The term loan would be priced at 12%, or 14% on default, and would carry a $2.3 million termination fee.

The ABL would be priced at Libor plus 3.5% or a base rate plus 2.5% at the option of the borrower. It would carry a 0.5% unused commitment fee, 1.5% closing fee and 3.5% letter of credit fee.

The latter facility would repay certain prepetition revolving debt, which includes $60.78 million outstanding on a first-lien revolver due May 24, 2018 (issued July 31, 2009), and €29.43 million ($32.9 million) outstanding on a first-lien revolver due Oct. 31, 2016 (issued Oct. 31, 2013).

Both postpetition loans would mature in 150 days.

The DIP financing includes certain milestones, such as requiring Quiksilver to file a plan and disclosure statement within 30 days and win disclosure statement approval within 75 days.

In a Wednesday motion seeking permission to enter into the PSA with Oaktree, Quiksilver said the private equity firm and its affiliates hold 73% of the company's outstanding U.S. secured notes.

Quiksilver has $280 million in 7.875% first-lien notes due Aug. 1, 2018, as well as $225 million in senior unsecured notes due Aug. 1, 2020. The debtor also has $200 million in 8.875% senior unsecured notes due Dec. 15, 2017, with European lenders.

Under the reorganization plan linked to the PSA, administrative and priority claims would be paid in full.

Secured noteholders would receive equity in the reorganized debtor in an amount that would be laid out in the plan. Oaktree also has committed to backstop two rights offerings for common shares of $122.5 million and €50 million to provide the debtor with additional liquidity.

Unsecured creditors, including noteholders, would receive $7.5 million in cash.

Holders of guaranty claims based on the debtor's guarantees of its euro note obligations would have their claims reinstated.

Equity holders would be wiped out.

Quiksilver would fund the plan with the rights offerings, a $75 million asset-based exit loan and, potentially, an exit term loan.

If Quiksilver entered into any transaction other than the PSA within a year following its termination, Oaktree would be entitled to a $20 million breakup fee.

In a Wednesday declaration, Quiksilver CFO Andrew Bruenjes said the company has been in an "operational turnaround" since 2013.
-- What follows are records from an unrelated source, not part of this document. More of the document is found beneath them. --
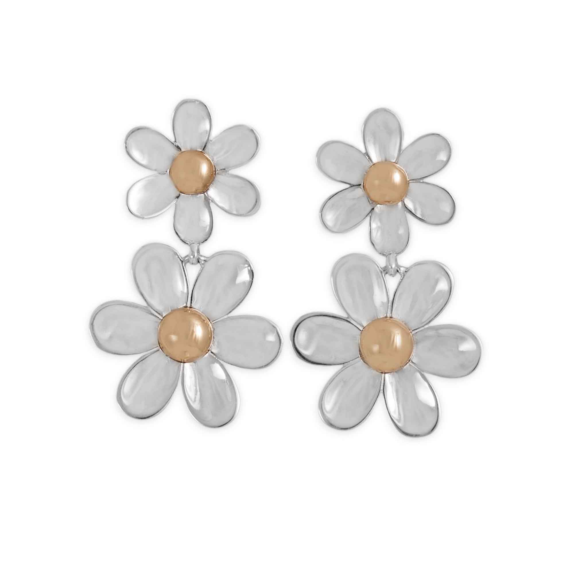 Bright and cheerful, these mixed metal two daisy dangle post earrings bring a playful botanical motif to a polished silhouette. Each earring features a pair of sculpted daisies arranged in a vertical drop, with softly contoured sterling silver petals surrounding warm bronze domed centers. The contrast of cool silver and golden bronze adds depth and dimension, making the floral design truly stand out.
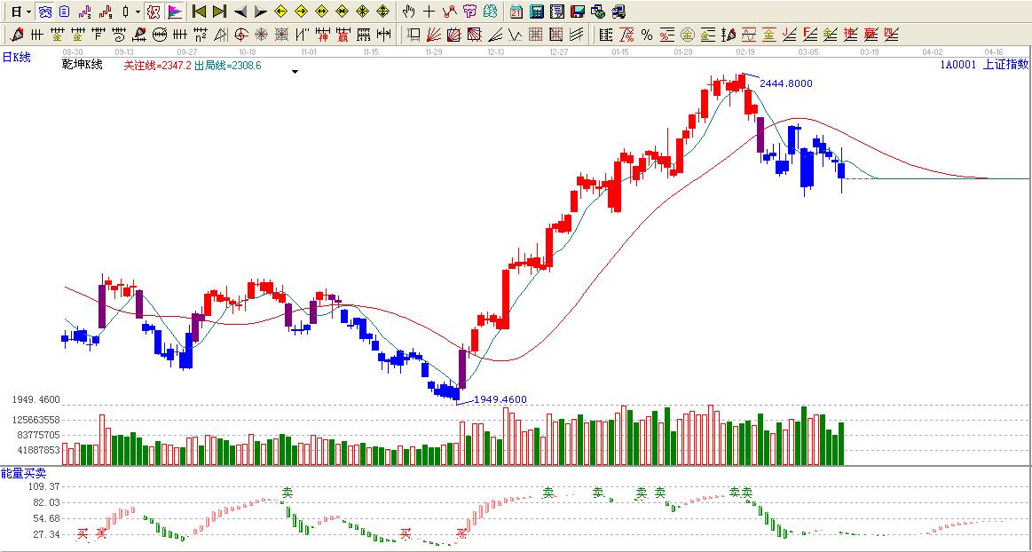 ☆依據(jù)贏家乾坤k提示:目前大盤運(yùn)行在藍(lán)色區(qū)域,出局線下方,看空做空。
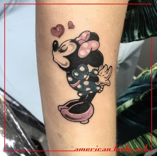 Tatouage Minnie réalisé dans le salon American Body Art. Découvrez le tatouage d'amoureux fans de Disney! Tellement mignon... Le tatouage de Mickey et Minnie Mouse est l'un des plus populaires et des plus symboliques de nos jours...
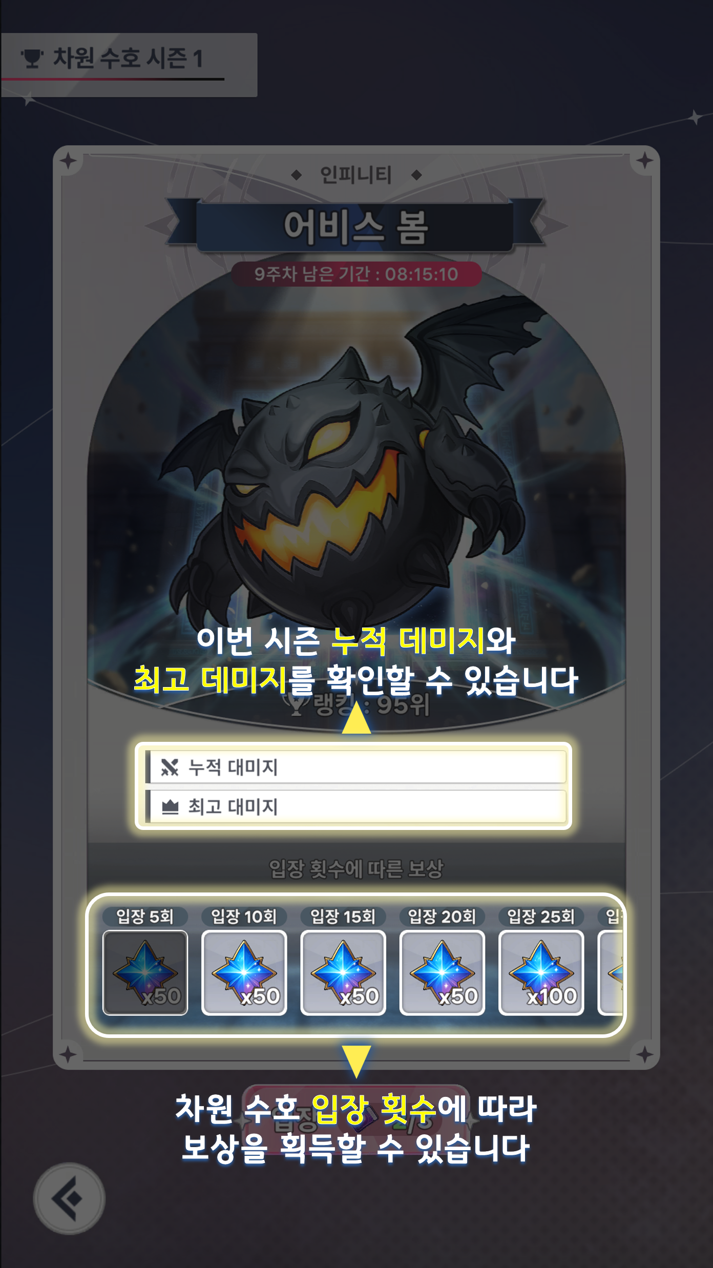 차원 수호 | 차원 수호 입장권 | 보스 몬스터에게 입힌 누적 피해량에 따라 보상을 차등 지급합니다. | 보스 몬스터에게 입힌 누적 피해량에 따라 돌파석 획득 |
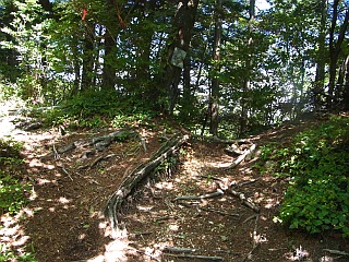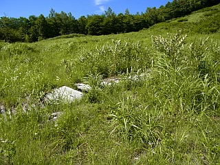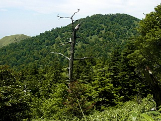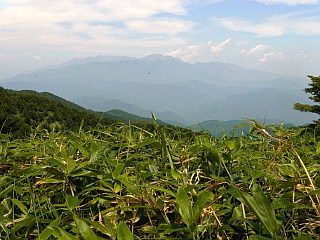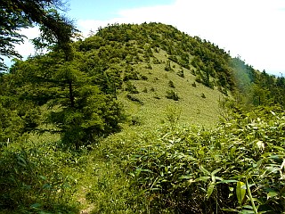 | 山行記 | ●先日名古屋で開かれた夏山フェスタで知った「阿智セブンサミット」というイベントは、7月から11月までの間に、長野県阿智村にある7つの山を巡り、山頂にある看板と一緒に撮った写真を見せると記念のバッジが貰えるというイベントで、妻が乗り気なので、全て登ったことのある山ばかりだが、それも目指してみることにした。 ●最初に選んだのは大川入山。最初は一番ボリュームのある恵那山にしようと思ったが、台風8号が通り過ぎたばかりでアプローチの林道に不安があったので、2番目にボリュームのありそうなこの山にした。朝6時頃豊川を出て、あららぎ高原スキー場には8時過ぎに到着した。駐車場には既に一台の車が停まっており、男女の登山者が支度をしていた。 ●こちらも支度を終えると出発する。最初はゲレンデの中を歩くので、日差しをもろに受けて暑い。ゲレンデには、まだオオマツヨイグサが開いており、ニガナやノアザミ、ヤマオダマキ、オカトラノオなどの花が咲いていた。 ●スキー場のレストハウス雪坊主の横を通る。その先で左へリフトを潜って大川入山登山口に行かなければならないのだが、案内看板が見当たらず、そのままリフトの右側を進んでみるが、やはり違うようなので戻って良く見ると、森の縁に標柱らしいものが見えたので、それをめがけて薄い踏み跡を辿ると、見えていた標柱に大川入山登山口と書いてあったので一安心。 ●そこからは樹林帯で、涼しい風も吹いていて快適だ。登山口から少し下り、沢を渡って白樺が美しい緩やかな道を進む。すぐに森林開発公団長野出張所の大きな看板が現れるので、道なりに折り返すと急な尾根道の登りが始まる。道は、支尾根をスイッチバックしながら高度を稼いでいく。 ●やがて尾根に出ると紙の案内があり、以降痩せた尾根道を緩やかに登る。樹林の中、マイヅルソウの葉やギンリョウソウ、ジンバイソウの葉などが目立つ。 ●尾根道の傾斜がきつくなってくると地図上で言う三角点に着く。そこからは、緩やかなアップダウンが続き、少しずつ展望の開けるところがあり、治部坂スキー場の上に、対峙する蛇峠山や双耳峰の大川入山の山頂部なども見えてくる。 ●やや傾斜がきつくなり、それを登りきった所が、恩田大川入山への分岐だ。紙の案内では直進方向が恩田大川入山方面なのだが、実際には道は無く、左の大川入山方面へ進む。 ●分岐からはしばらく下りが続く。下りきったかと思うとまた下り、心配になってくるが、何とか鞍部に到着すると、これからは山頂目指して登りが続く。意外と緩やかな登りを我慢して登ると、大川入山の北のピークに着く。北のピークからは、僅かに下り、笹の鞍部から本峰へ登り返す。この間は思った程時間はかからない。 ●三角点のある大川入山山頂は小広く、治部坂方面から来たと思われる登山者が既に何組か休憩をしていた。まずは、阿智セブンサミットの看板を探すが見当たらない。休憩している登山者にも聞いてみるが、皆口を揃えて知らないという。 ●これではせっかく登って来たのが無駄になってしまうと、諦めかけた時、スキー場で先に出発したが途中で抜かした男女の登山者が登って来た。どうやらその登山者がその看板を立てに来たようで、到着すると早速その看板を立て始めた。最初見た時、変な荷物を持ってるので不思議に思ったが、それがその看板であることが初めてわかった。 ●看板を立てている人に話を聞くと、外の山にもここ何日かで看板を立てているそうで、恵那山は二日後の月曜日に立てる予定ということだ。もし、この日恵那山に登っていたら看板は無かったということで、いろいろな偶然が全て良い方に向かったという幸運に感謝した。 ●看板が立て終わると、早速写真を撮り、山頂の展望を楽しみながらゆっくりと休憩した後、帰路は来た道を戻った。 |
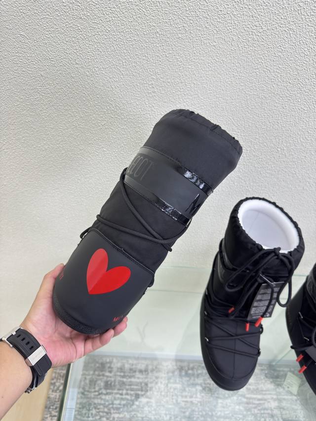 Moon Boots, heart-shaped factory price p DDD A must-have ski item worn by Wang Hedi and Yu Shuxin DDD Black

Quiksilver has suffered from a lack of liquidity "exacerbated by underperforming retail stores and late deliveries of products to wholesale customers," he said.

The company's early restructuring effort included the sale of Mervin Manufacturing Inc., a manufacturer of snowboards and related products, for $58 million in November 2013, as well as the divestiture of other noncore businesses. In January 2014, the company sold its Hawk Designs brand for $19 million. In December, it sold its 51% ownership stake in e-commerce business Surfdome Shop Ltd. for $16 million.

In spite of these efforts, the company reported a net loss in the first fiscal quarter of 2015, and as The Deal reported on July 30, the company hired Peter J. Solomon Co. to help evaluate financing alternatives. Those talks ultimately led to the Oaktree deal.

Quiksilver designs and sells apparel, footwear, accessories and related products under the Quiksilver, Roxy and DC brands.

In the declaration, Bruenjes said the company "caters to the casual, outdoor lifestyle associated with surfing, skateboarding, snowboarding and motocross, among other activities."

The company's products are sold in more than 115 countries in wholesale stores, company-owned retail stores and its e-commerce websites. In its Wednesday statement, the company said its European and Asia-Pacific businesses "remain strong" and are not part of its Chapter 11 case.

The company had $337 million in assets and $826 million in liabilities as of July 31. In addition to its noteholders, Quiksilver's largest unsecured creditors include C&K Trading (owed $7.26 million), Samil Tong Sang ($5.55 million), Northstar Sourcing Group ($4.51 million), Coins International ($3.89 million) and Dragon Crowd Garment ($3.24 million).

Quiksilver shares were down 3.54% on Wednesday morning to 43.9 cents.